The newspaper concluded its article by saying that the complex challenges facing countries require an ambitious and cooperative global response. This week’s meetings are a crucial moment to start that, in reference to the spring meetings of the International Monetary Fund and the World Bank that began yesterday and extend for a full week in Washington, in light of a charged atmosphere between the need for action. Reforms, successive crises, and economic slowdown.
The International Monetary Fund has slightly lowered its global growth forecast for 2023 with the slowdown in interest rate hikes, but warned that severe financial system disruptions would lead to production cuts to levels close to stagnation.

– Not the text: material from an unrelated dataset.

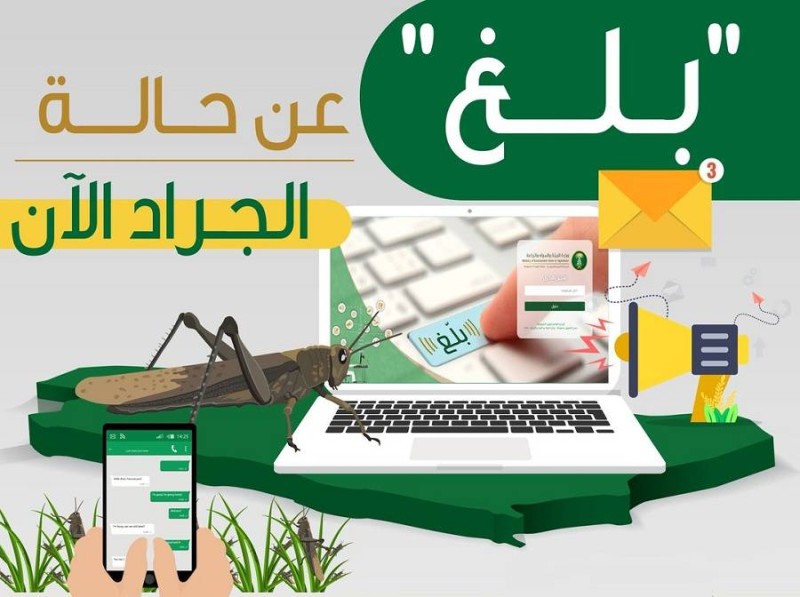 أطلقت وزارة البيئة والمياه والزراعة، نظاما إلكترونيا يُمكّن المواطنين من المشاركة في القضاء على الجراد، وذلك بتسجيل بلاغاتهم عبر تطبيق الوزارة لنظام البلاغات الموحّد (بلّغ)، أو عبر خدمة الواتساب من خلال الرقم (0530233560).

In its latest World Economic Outlook report, the International Monetary Fund stated that the risks of contagion in the banking system were contained through strong policy measures after the collapse of two US banks and the forced merger of Credit Suisse. The unrest added to the uncertainty created by rising inflation and the spillover effects of Russia’s war in Ukraine.
“With the recent increase in financial market volatility, uncertainty surrounding the global economic outlook has increased,” the International Monetary Fund said, at the outset of the joint spring meetings with the World Bank in Washington.
The fund added that “uncertainty increases and the balance of risks shifts strongly to a downward trend when the financial sector is unstable.”
The International Monetary Fund now expects global real GDP growth of 2.8% in 2023 and 3% in 2024, down sharply from 3.4% growth in 2022 as a result of monetary tightening.